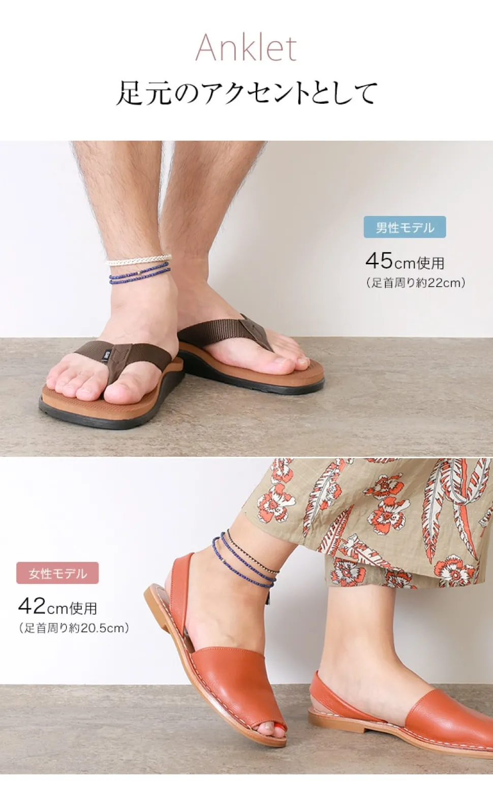 The perfect accent for your feet to enhance your style. It can be worn alone or stacked depending on your mood, purpose and location. It also works well with other cord and bead accessories.
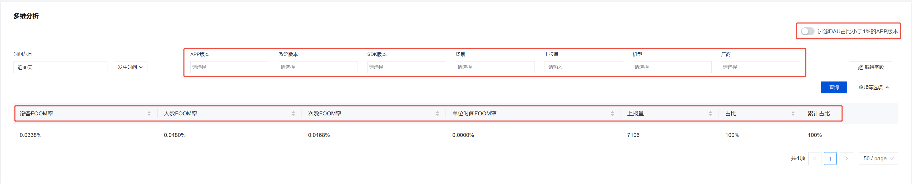 数据展示:该区域会展示设备 FOOM 率、人数 FOOM 率、次数 FOOM 率、单位时间 FOOM 率、上报量、占比、累计占比等多维度的 FOOM 相关数据,帮助用户从不同角度分析 FOOM 指标情况。
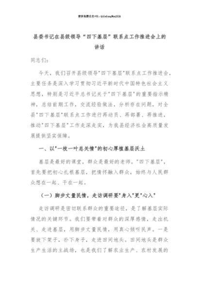 【七哥公文】2025年:【七哥公文】县委书记在县级领导“四下基层”联系点工作推进会上的讲话+更多免费公文+VX:QiGeGongWen2024+更多免费公文+VX:QiGeGongWen2024

What you should do
Drop the pictures and reproduce the rest of the data above exactly.

Result below
 The perfect accent for your feet to enhance your style. It can be worn alone or stacked depending on your mood, purpose and location. It also works well with other cord and bead accessories.
 数据展示:该区域会展示设备 FOOM 率、人数 FOOM 率、次数 FOOM 率、单位时间 FOOM 率、上报量、占比、累计占比等多维度的 FOOM 相关数据,帮助用户从不同角度分析 FOOM 指标情况。
 【七哥公文】2025年:【七哥公文】县委书记在县级领导“四下基层”联系点工作推进会上的讲话+更多免费公文+VX:QiGeGongWen2024+更多免费公文+VX:QiGeGongWen2024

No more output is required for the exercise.